In Mercado v. United States, 104 F. Supp. 2d 1059 (E.D.Wis.2000), the petitioner advanced "at least a legitimate argument for seeking coram nobis relief *1022 because [he was] not `in custody' and therefore the provisions of Section 2255 [did] not apply." Id. at 1063 (emphasis added). Malave, by contrast, remains in federal custody. Accordingly, Section 2255 is the proper vehicle for collaterally attacking his conviction and/or sentence. In the words of the Carlisle opinion, Section 2255 is the "controlling" authority for purposes of determining whether the All Writs Act applies. This is so even if (for procedural reasons) Section 2255 fails to provide Malave with the relief he seeks. Barrett, 178 F.3d at 55.

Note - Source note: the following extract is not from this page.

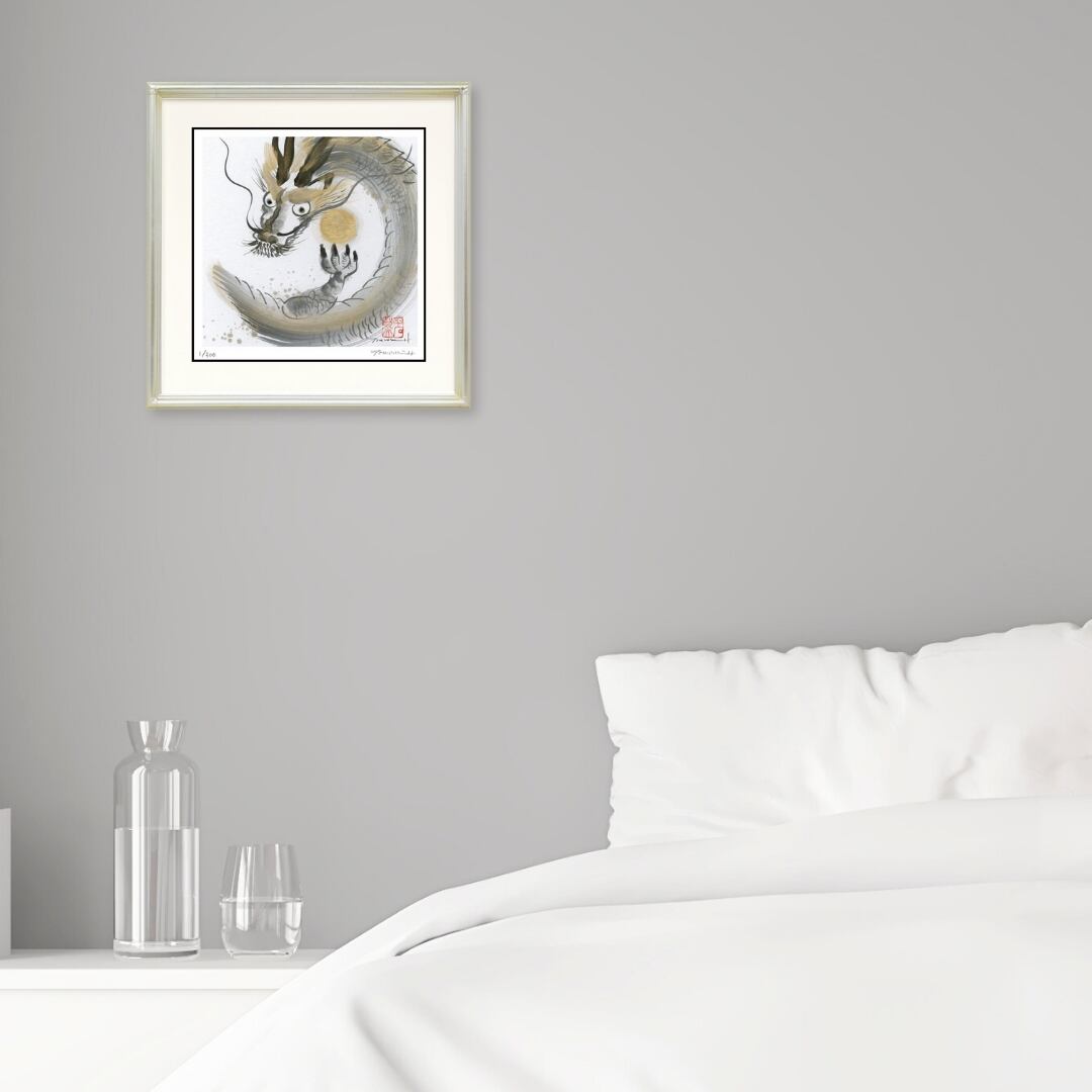 大きく見開いた瞳が印象的な龍が、金色の玉をしっかりと抱え込む姿は強烈な存在感を放っています。墨の勢いある筆致と金彩の輝きが対比を生み、まるで画面から飛び出してくるような迫力が感じられます。鋭い爪や力強い曲線が織りなす造形は、ただの神話的存在を超えて、生命力と神秘性を併せ持つ存在として描き出されています。背景の余白は龍の動きを一層引き立て、空間全体に緊張感と静けさを漂わせます。墨と金が織り成すこのアートは、幻想的でありながらも現実感を持ち、見る者に深い印象を与える作品です。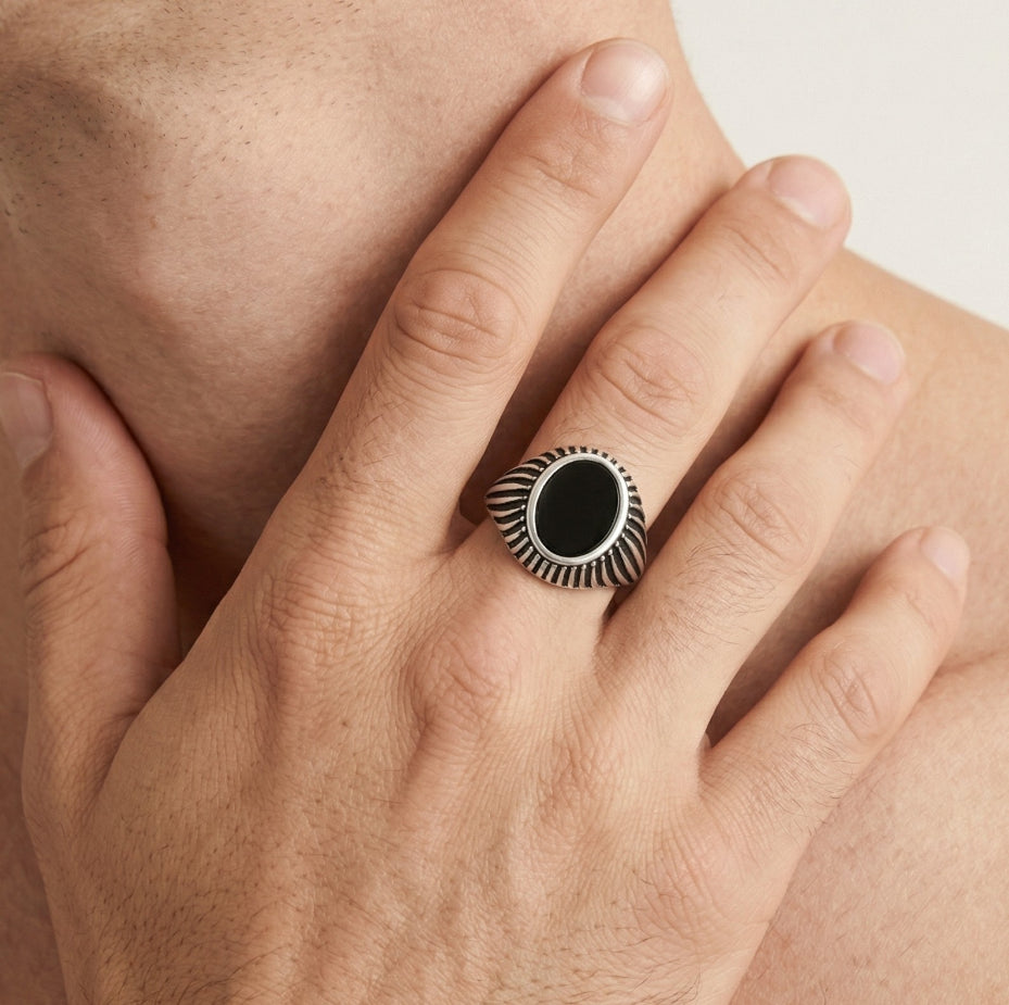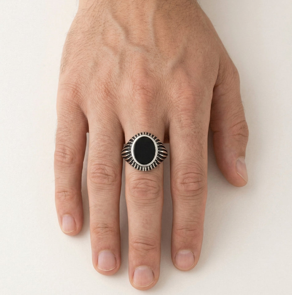 Pánský prsten s oválným onyxem a bočními liniovými detaily

To summarize, coram nobis relief is not available to Malave, whose petition is clearly a Section 2255 motion in disguise. Just as clearly, the motion under consideration is a second or successive motion for purposes of 28 U.S.C. § 2244(b) (3) (A), which provides that:

Before a second or successive application permitted by this section is filed in the district court, the applicant shall move in the appropriate court of appeals for an order authorizing the district court to consider the application.

The provision quoted above is an allocation of subject matter jurisdiction to the Court of Appeals. In re Page, 179 F.3d 1024 (7th Cir.1999). Since the Court of Appeals has not authorized this Court to consider a second or successive 2255 petition by Malave, the Court has no choice but to dismiss the instant petition.[4] The Court refers Malave to Circuit Rule 22.2 for the procedures to follow in applying to the Court of Appeals for leave to file a second or successive 2255 petition. Additionally, Malave would be well advised to review the Seventh Circuit's decision in Talbott, supra, before seeking leave to file a petition based on Apprendi.


1. Malave's petition for a writ of error coram nobis is DENIED.


[1] While Malave and his fellow prison-litigators "seem to think that Apprendi reopens every sentencing issue decided by a federal court in the last generation," they are plainly mistaken, for the simple reason that Apprendi did not state that it applied retroactively to other cases on collateral review. Id. at 869.

[2] On November 4, 1996 by the Hon. Robert W. Warren.

[3] Section 1651 empowers federal courts to issue "all writs necessary or appropriate in aid of their respective jurisdictions and agreeable to the usages and principles of law." 28 U.S.C. § 1651(a).

[4] In light of the Court's determination that Malave's petition should be construed as a second or successive motion under Section 2255, this Court does not reach the question of whether Malave's Sixth Amendment claims are barred by procedural default. In any event, Malave has not bothered to recite the full procedural history of his case, including the grounds for his direct appeal.